*** RECORDS TO USE Section Begins ***

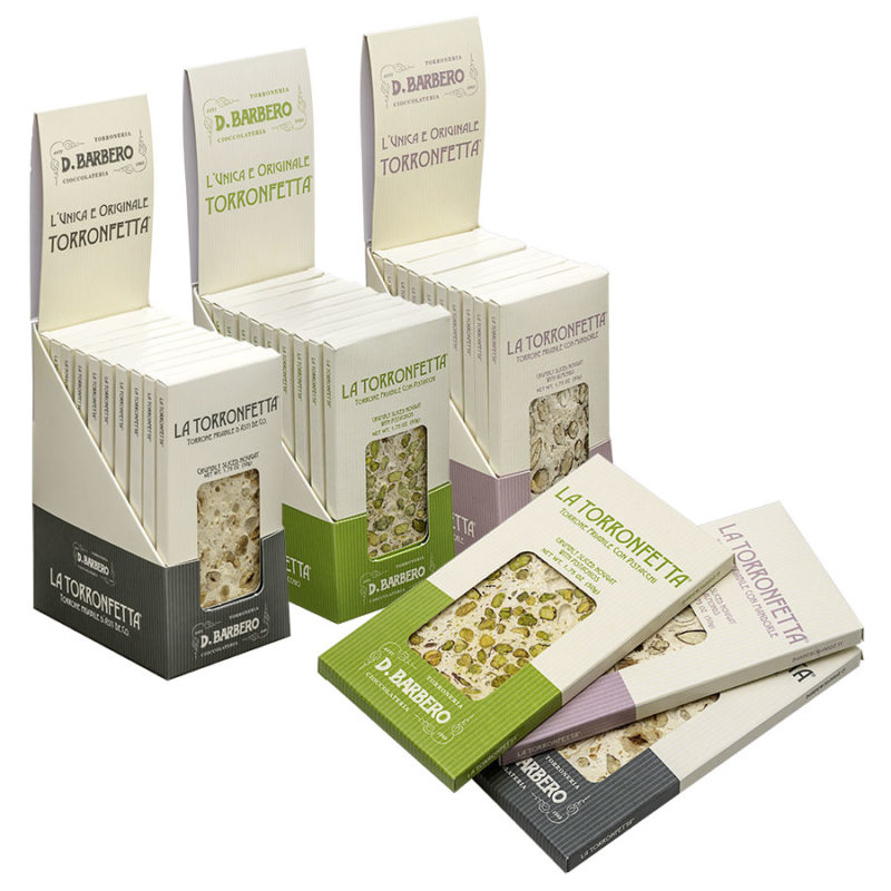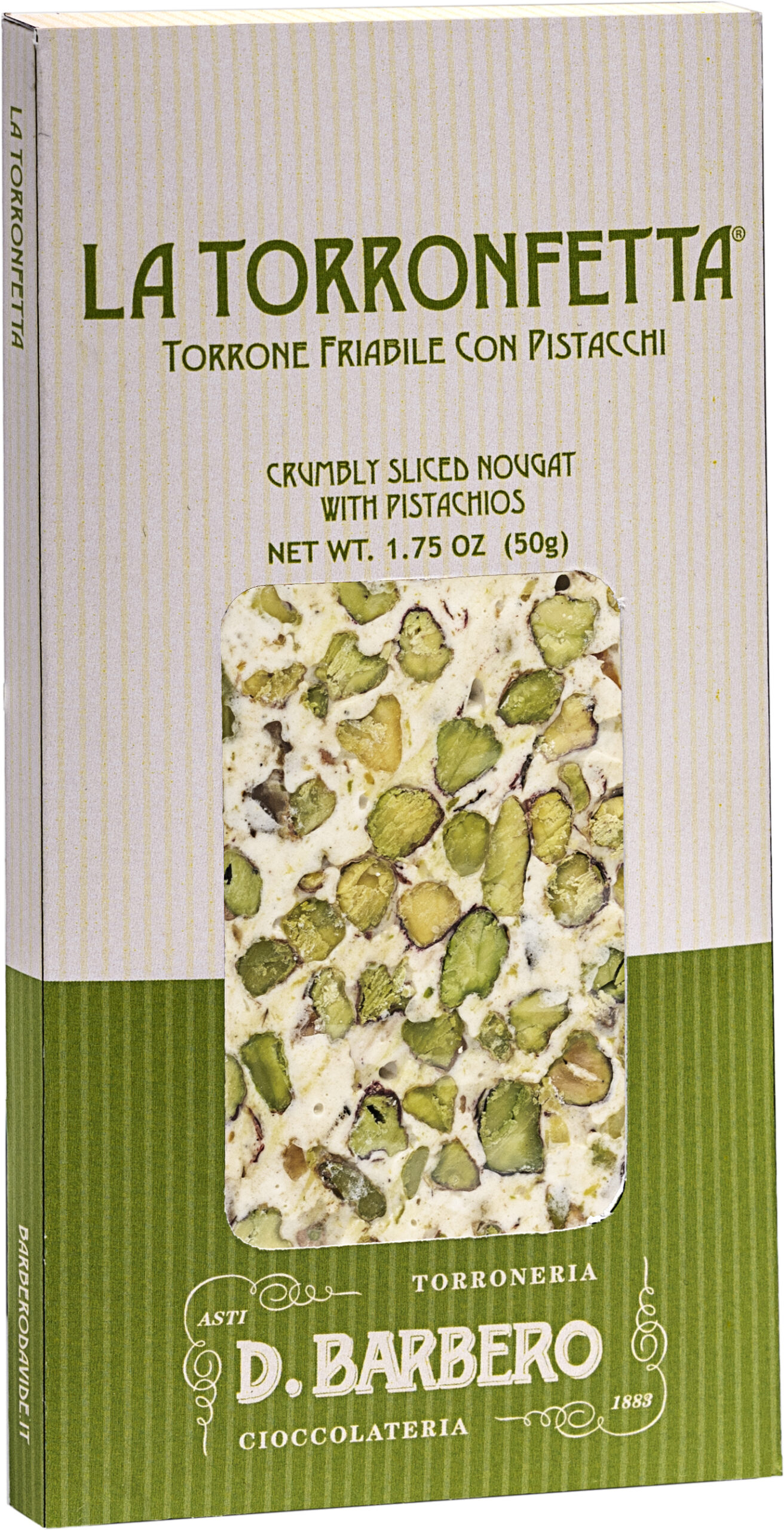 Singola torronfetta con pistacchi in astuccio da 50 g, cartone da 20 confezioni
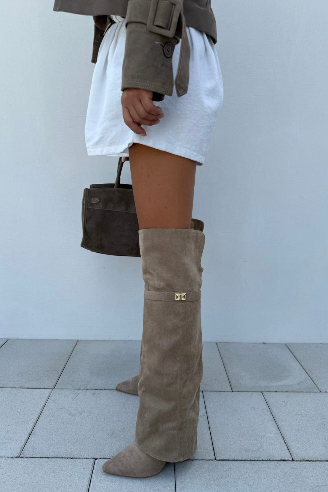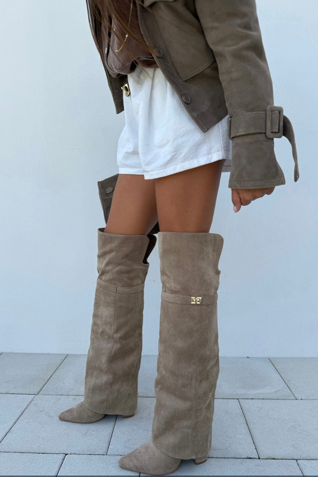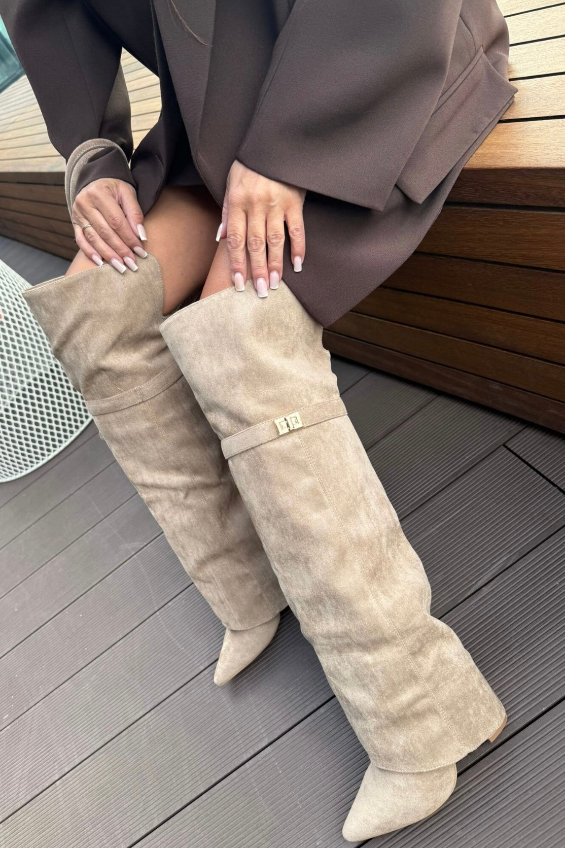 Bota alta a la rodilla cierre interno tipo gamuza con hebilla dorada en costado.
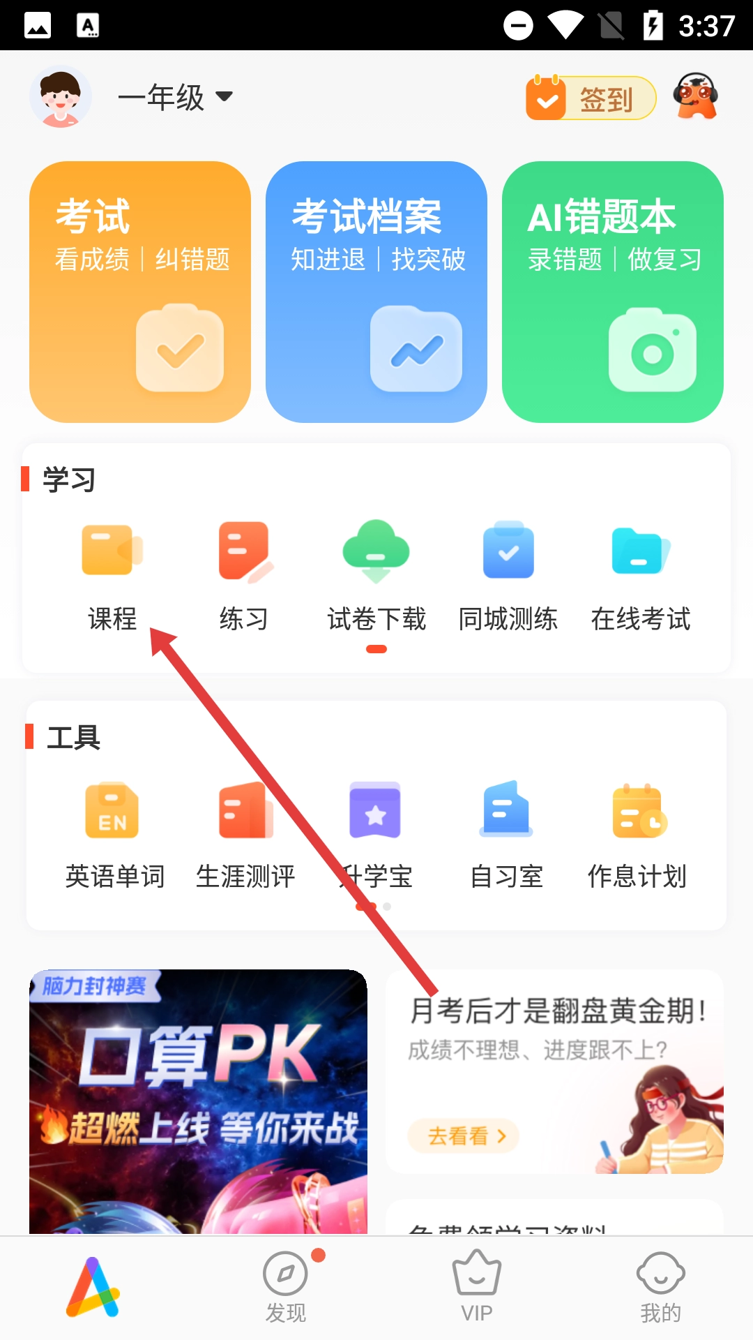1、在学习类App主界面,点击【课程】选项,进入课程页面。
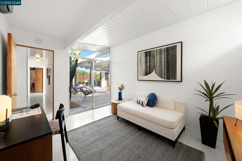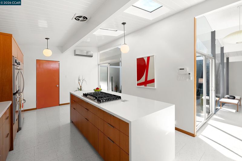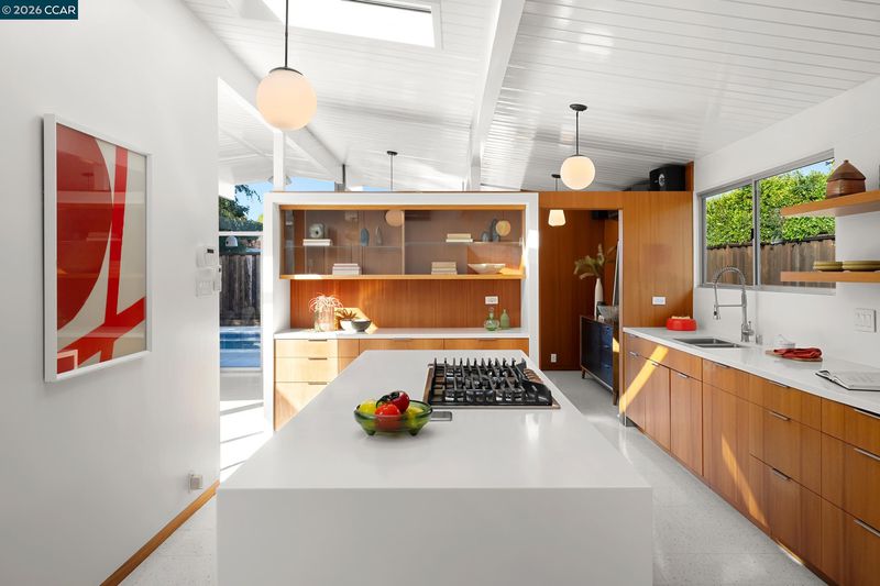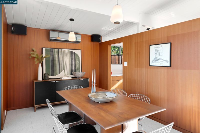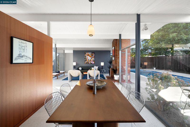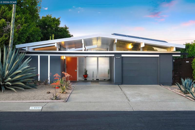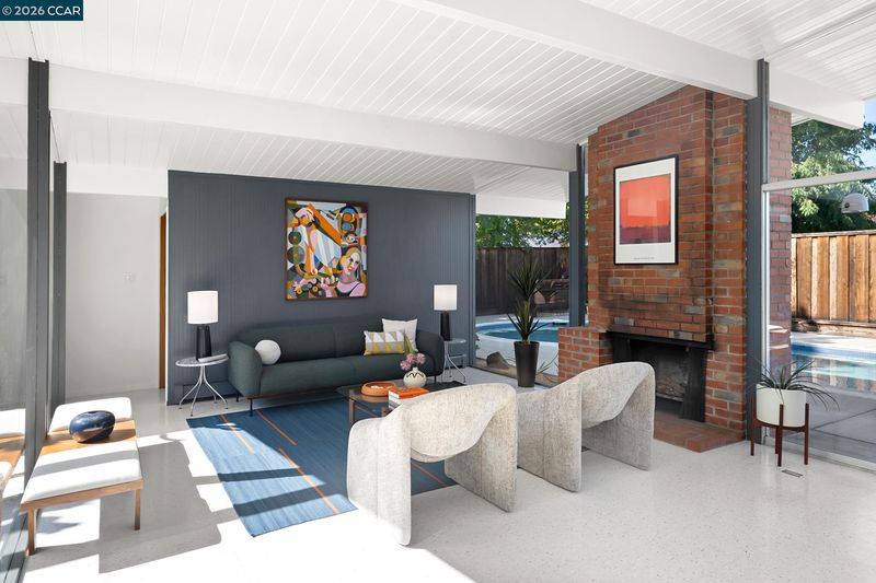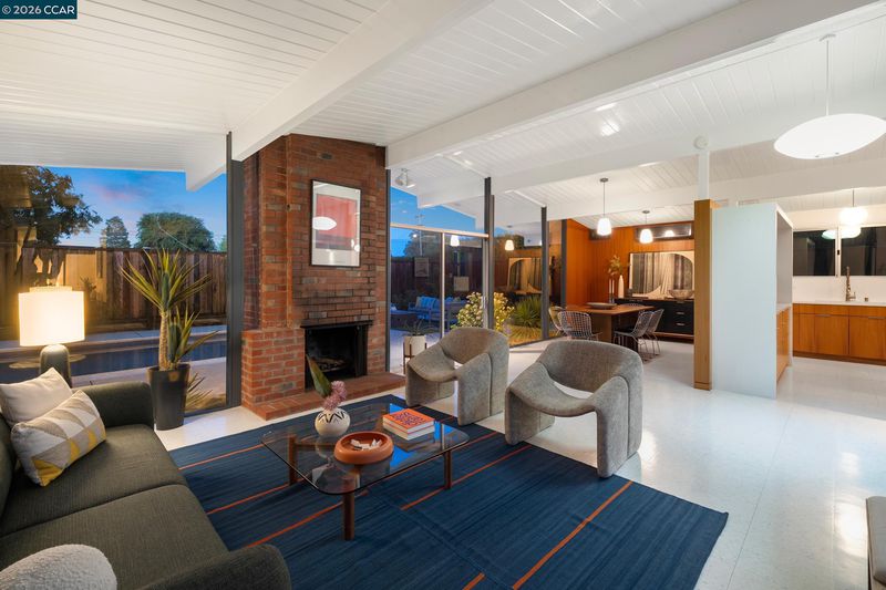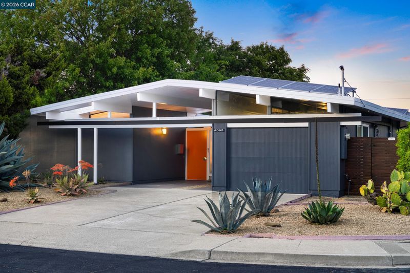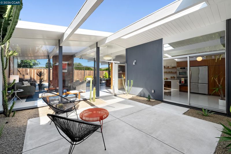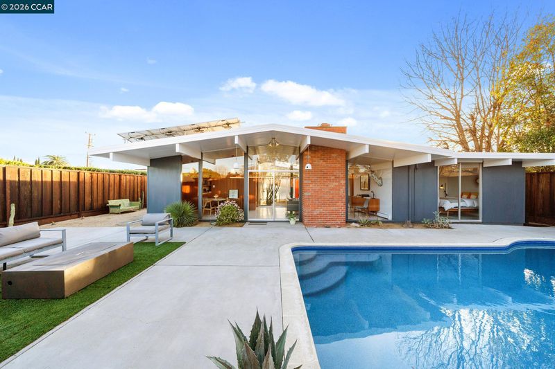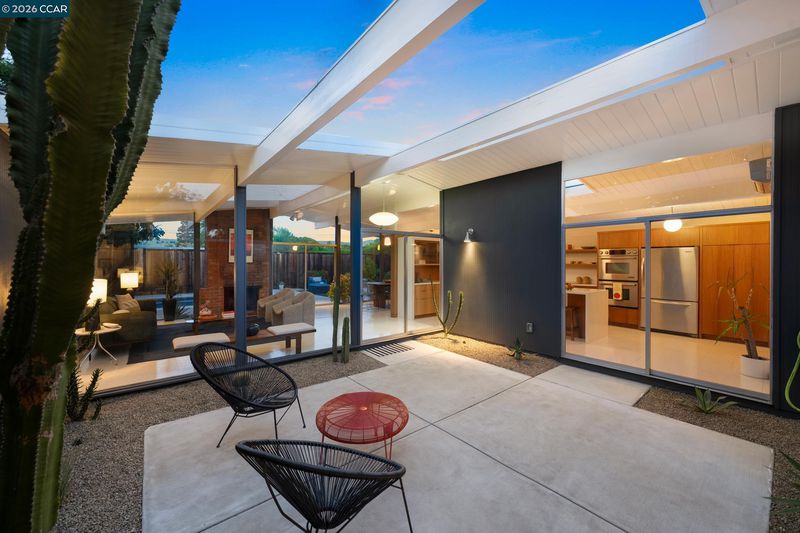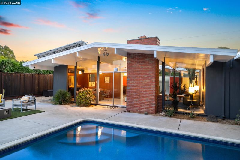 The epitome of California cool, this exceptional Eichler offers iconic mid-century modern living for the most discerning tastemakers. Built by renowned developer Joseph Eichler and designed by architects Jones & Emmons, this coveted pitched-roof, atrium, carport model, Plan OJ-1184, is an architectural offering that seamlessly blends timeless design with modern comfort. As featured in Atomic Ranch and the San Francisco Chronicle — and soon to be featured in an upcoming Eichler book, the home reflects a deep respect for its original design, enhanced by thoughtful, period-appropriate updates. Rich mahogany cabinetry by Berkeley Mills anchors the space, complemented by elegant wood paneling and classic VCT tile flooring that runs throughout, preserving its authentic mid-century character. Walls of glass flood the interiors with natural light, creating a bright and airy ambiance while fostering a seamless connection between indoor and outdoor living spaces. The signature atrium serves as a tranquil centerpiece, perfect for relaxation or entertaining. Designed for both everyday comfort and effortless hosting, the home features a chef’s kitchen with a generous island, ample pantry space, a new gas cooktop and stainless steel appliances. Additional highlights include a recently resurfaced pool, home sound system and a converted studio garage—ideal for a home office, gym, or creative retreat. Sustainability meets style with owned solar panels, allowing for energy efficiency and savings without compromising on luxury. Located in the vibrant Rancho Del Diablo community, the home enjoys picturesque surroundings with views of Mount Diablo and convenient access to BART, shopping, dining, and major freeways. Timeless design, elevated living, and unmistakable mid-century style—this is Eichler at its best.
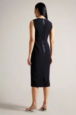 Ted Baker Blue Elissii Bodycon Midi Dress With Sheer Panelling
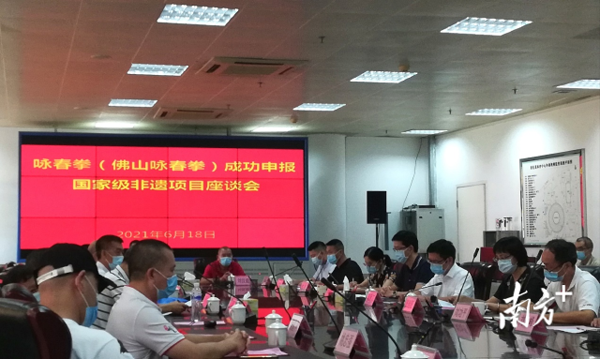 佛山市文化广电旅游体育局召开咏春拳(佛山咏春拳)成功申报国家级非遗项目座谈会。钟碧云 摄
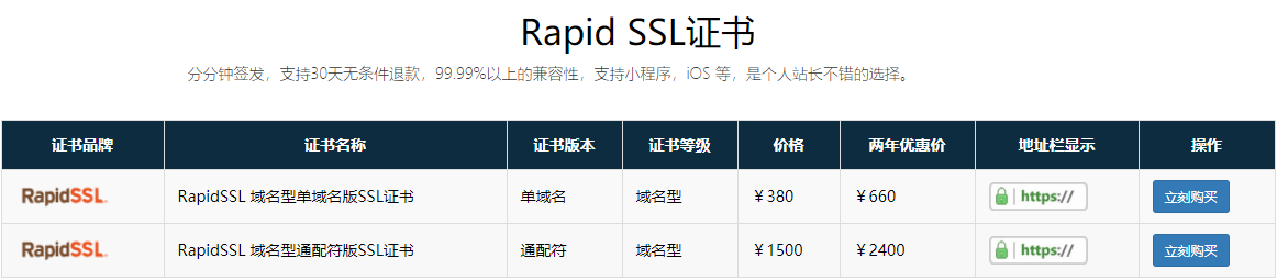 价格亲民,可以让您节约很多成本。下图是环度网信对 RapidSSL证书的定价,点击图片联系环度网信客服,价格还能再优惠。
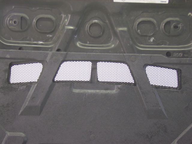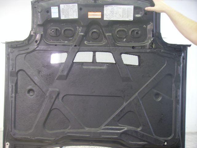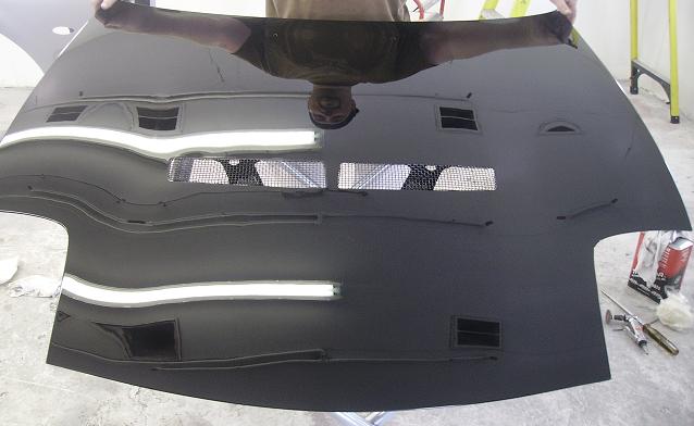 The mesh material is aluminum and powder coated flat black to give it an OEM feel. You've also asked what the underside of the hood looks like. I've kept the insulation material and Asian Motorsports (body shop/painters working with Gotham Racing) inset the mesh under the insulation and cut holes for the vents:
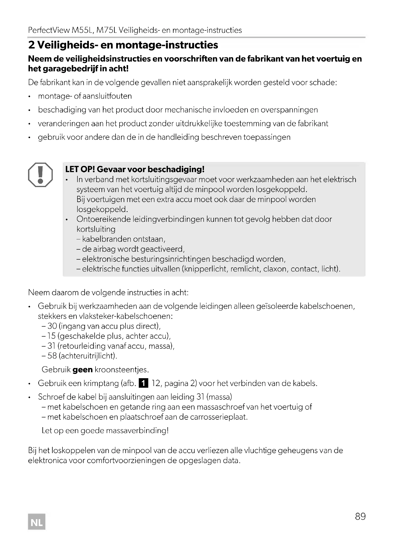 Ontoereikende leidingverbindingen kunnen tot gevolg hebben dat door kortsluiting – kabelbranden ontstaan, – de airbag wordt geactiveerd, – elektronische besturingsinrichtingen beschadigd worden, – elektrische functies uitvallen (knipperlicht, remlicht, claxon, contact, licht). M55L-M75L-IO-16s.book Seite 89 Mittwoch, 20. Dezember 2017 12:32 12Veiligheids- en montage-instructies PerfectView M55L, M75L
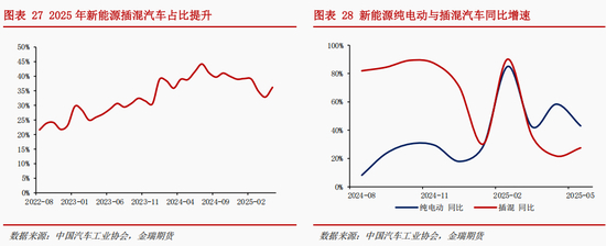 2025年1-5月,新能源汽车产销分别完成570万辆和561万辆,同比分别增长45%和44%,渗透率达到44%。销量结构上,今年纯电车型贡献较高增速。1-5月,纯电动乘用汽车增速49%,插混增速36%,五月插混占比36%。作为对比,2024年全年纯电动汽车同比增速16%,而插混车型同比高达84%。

*** RECORDS TO USE Section Ends ***

Would you copy out all the data exactly, without the images?

SOLUTION TO THIS EXERCISE →
 Singola torronfetta con pistacchi in astuccio da 50 g, cartone da 20 confezioni
 Bota alta a la rodilla cierre interno tipo gamuza con hebilla dorada en costado.
1、在学习类App主界面,点击【课程】选项,进入课程页面。
 The epitome of California cool, this exceptional Eichler offers iconic mid-century modern living for the most discerning tastemakers. Built by renowned developer Joseph Eichler and designed by architects Jones & Emmons, this coveted pitched-roof, atrium, carport model, Plan OJ-1184, is an architectural offering that seamlessly blends timeless design with modern comfort. As featured in Atomic Ranch and the San Francisco Chronicle — and soon to be featured in an upcoming Eichler book, the home reflects a deep respect for its original design, enhanced by thoughtful, period-appropriate updates. Rich mahogany cabinetry by Berkeley Mills anchors the space, complemented by elegant wood paneling and classic VCT tile flooring that runs throughout, preserving its authentic mid-century character. Walls of glass flood the interiors with natural light, creating a bright and airy ambiance while fostering a seamless connection between indoor and outdoor living spaces. The signature atrium serves as a tranquil centerpiece, perfect for relaxation or entertaining. Designed for both everyday comfort and effortless hosting, the home features a chef’s kitchen with a generous island, ample pantry space, a new gas cooktop and stainless steel appliances. Additional highlights include a recently resurfaced pool, home sound system and a converted studio garage—ideal for a home office, gym, or creative retreat. Sustainability meets style with owned solar panels, allowing for energy efficiency and savings without compromising on luxury. Located in the vibrant Rancho Del Diablo community, the home enjoys picturesque surroundings with views of Mount Diablo and convenient access to BART, shopping, dining, and major freeways. Timeless design, elevated living, and unmistakable mid-century style—this is Eichler at its best.
 Ted Baker Blue Elissii Bodycon Midi Dress With Sheer Panelling
 佛山市文化广电旅游体育局召开咏春拳(佛山咏春拳)成功申报国家级非遗项目座谈会。钟碧云 摄
 价格亲民,可以让您节约很多成本。下图是环度网信对 RapidSSL证书的定价,点击图片联系环度网信客服,价格还能再优惠。
 The mesh material is aluminum and powder coated flat black to give it an OEM feel. You've also asked what the underside of the hood looks like. I've kept the insulation material and Asian Motorsports (body shop/painters working with Gotham Racing) inset the mesh under the insulation and cut holes for the vents:
 Ontoereikende leidingverbindingen kunnen tot gevolg hebben dat door kortsluiting – kabelbranden ontstaan, – de airbag wordt geactiveerd, – elektronische besturingsinrichtingen beschadigd worden, – elektrische functies uitvallen (knipperlicht, remlicht, claxon, contact, licht). M55L-M75L-IO-16s.book Seite 89 Mittwoch, 20. Dezember 2017 12:32 12Veiligheids- en montage-instructies PerfectView M55L, M75L
 2025年1-5月,新能源汽车产销分别完成570万辆和561万辆,同比分别增长45%和44%,渗透率达到44%。销量结构上,今年纯电车型贡献较高增速。1-5月,纯电动乘用汽车增速49%,插混增速36%,五月插混占比36%。作为对比,2024年全年纯电动汽车同比增速16%,而插混车型同比高达84%。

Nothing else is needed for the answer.